California’s once-unrivalled status as the country’s most educated state has long since disintegrated under the waves of low-skilled, low-social-capital Mexican and Central American immigrants. Now, California's K-12 system rivals Mississippi and Alabama as an education backwater. The state’s school-age population, now majority Hispanic, lacks competitive linguistic and math skills.  (Of course, defense counsel conducted part of their post-verdict press conference in Spanish, oblivious to the symbolism.)  California is becoming another Brazil, divided between fabulously wealthy elites hunkered down in their own coastal sanctuaries, and a poor, Third World population. Before the rest of the country ends up in the same situation, the immigration policies that gave rise to the Steinle homicide must change. Attorney General Jeff Sessions has been conducting a largely unheralded effort to end sanctuary jurisdictions, but the illegal-alien lawyer’s lobby has fought him at every turn.
Sessions’s efforts would be immensely aided if Congress finally passed the No Sanctuary for Criminals Act sponsored by Virginia congressman Bob Goodlatte.
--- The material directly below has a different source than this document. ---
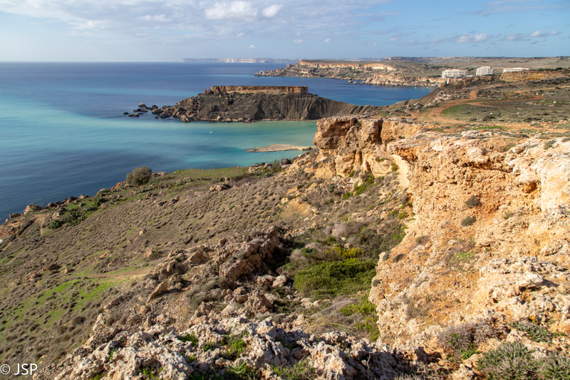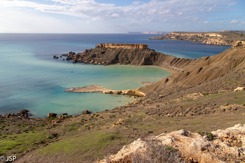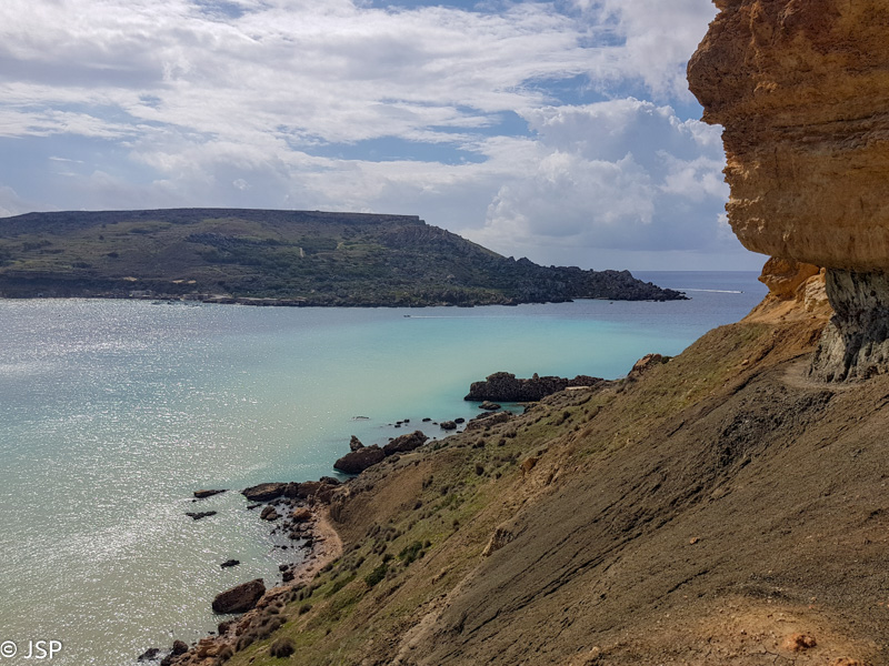 Iki uolų dar tenka palypėti siauru molingu taku ant iškyšulio keteros. Nuo tako veriasi puikūs vaizdai į Ghajn Tuffieha ir į dar vieną įlanką kitoje pusėje – Gnejna.

That bill would clarify ICE’s authority to enforce federal detainer requests and would confirm the attorney general’s authority to withhold federal funding from scofflaw jurisdictions. Most importantly, it would allow both the federal government and victims of sanctuary policies to sue sanctuary governments. The Steinle family had sued San Francisco and former sheriff Ross Mirkarimi in 2016 for their failure to notify ICE of Garcia Zarate’s release, but a federal judge threw out the case earlier this year. The Goodlatte bill would have allowed their suit to proceed. The passage of “Kate’s Law,” which lengthens the federal sentences for felonious reentry following deportation, is less urgent.
While building a border wall is an important part of a sound immigration policy, preserving the rule of law inside the country is even more important. The advocates’ agenda is clear: they want to stop all deportations and in so doing eviscerate our sovereignty once and for all. Their ultimate aim is to transform the country culturally and demographically. Sanctuary policies are one of their most powerful weapons in that crusade.
Heather Mac Donald is the Thomas W. Smith Fellow at the Manhattan Institute and a contributing editor of City Journal, and the author of the New York Times bestseller The War on Cops.